Dans un rapport rendu public ce vendredi 5 juin, la Cour des comptes européenne déplore que «la contribution de la PAC» n'ait pas permis d'enrayer le déclin de la biodiversité des terres agricoles en Europe. Ce document public d’une soixantaine de pages rappelle, dans son introduction, qu’en janvier 2020, le Forum économique mondial a classé la perte de biodiversité et l'effondrement des écosystèmes parmi les cinq principales menaces auxquelles le monde est confronté.
Il souligne également que «dans de nombreuses régions d'Europe, l'intensification [de l’agricultute] a transformé des paysages autrefois variés, composés de nombreux petits champs et d'habitats, en un terrain homogène et continu travaillé à l'aide de grosses machines et d'une main d'œuvre fortement réduite».
Certes, la situation de la biodiversité n'est pas la même dans l'ensemble de l'Europe. Par exemple, des pays comme la Bulgarie et la Roumanie présentent encore une riche biodiversité du fait de pratiques agricoles plus traditionnelles et d'exploitations plus petites.
Mais selon le rapport, «dans d'autres Etats membres, comme les Pays-Bas et l'Allemagne, où l'agriculture intensive est beaucoup plus répandue, les scientifiques estiment qu'il est nécessaire de rétablir la biodiversité dans les zones qui ont connu une disparition des espèces, et un appauvrissement des habitats naturels au cours des dernières décennies.
Mais surtout, les auteurs constatent le peu d’effets des mesures de «verdissement» de la Politique agricole commune (PAC). Ces mesures ont fait l’objet de si peu de contrôles que le rapport avoue que l’étude d'évaluation de l'influence de la PAC sur les habitats, les paysages et la biodiversité, «n’a pas permis de réaliser une analyse d'impact globale en raison de l'absence de données de suivi adéquates».

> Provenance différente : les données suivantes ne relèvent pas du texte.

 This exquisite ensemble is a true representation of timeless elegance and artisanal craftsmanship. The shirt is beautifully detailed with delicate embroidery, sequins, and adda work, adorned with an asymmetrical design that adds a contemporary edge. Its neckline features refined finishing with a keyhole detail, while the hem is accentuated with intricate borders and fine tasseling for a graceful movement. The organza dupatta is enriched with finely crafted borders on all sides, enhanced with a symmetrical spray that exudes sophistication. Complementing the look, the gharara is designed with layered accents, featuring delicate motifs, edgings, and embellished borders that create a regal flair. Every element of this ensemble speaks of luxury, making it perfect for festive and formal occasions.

Amendes faibles en cas de non respect des normes
Les contraintes environnementales imposées via les aides directes de la PAC sont particulièrement inefficaces, selon les auteurs de l'étude. Ils pointent du doigt des exigences qui ne s'imposent pas à tous les agriculteurs, et des amendes peu élevées (1% à 5% des aides versées).

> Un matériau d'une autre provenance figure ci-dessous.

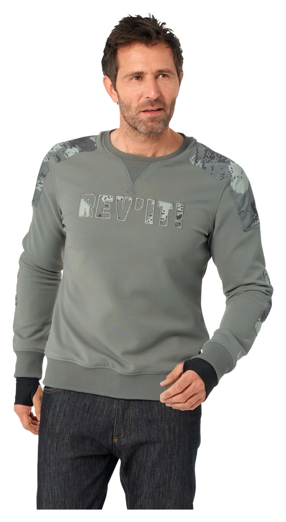 Motorcycle jackets that can also be sweaters are not something you find often. But REV’IT! has developed a very attractive one. Louis presents: the REV’IT! *Whitby Sweater*. This sweatshirt is a single-layer garment, which makes it amazingly comfortable. The design with just a single outer shell layer plus reinforcements makes the *Whitby Sweater* perfect for the summer. Bandit certainly feels just like a “normal” sweatshirt.

«Le verdissement a du potentiel mais la Commission et les Etats membres ont favorisé les instruments ayant le plus faible impact [sur cet objectif]», a souligné le responsable du rapport, Viorel Stefan, cité par l’AFP.
Cet échec de la PAC avait déjà été reconnu par la Commission sur la période du budget 2013-2020. Elle a entrepris d'y remédier dans sa proposition pour la PAC post-2020, présentée il y a deux ans et toujours en négociation au niveau du Parlement européen et des Etats membres.
Selon le projet de Bruxelles, la nouvelle PAC prévoit une conditionnalité renforcée des aides directes aux agriculteurs à des critères environnementaux, ainsi que des «programmes écologiques» sur la base du volontariat.
Accroître la contribution du développement rural
La Commission vient également de présenter une nouvelle «Stratégie pour la biodiversité» à l'horizon 2030, dont certains points répondent aux problèmes soulevés dans le rapport, selon Viorel Stefan.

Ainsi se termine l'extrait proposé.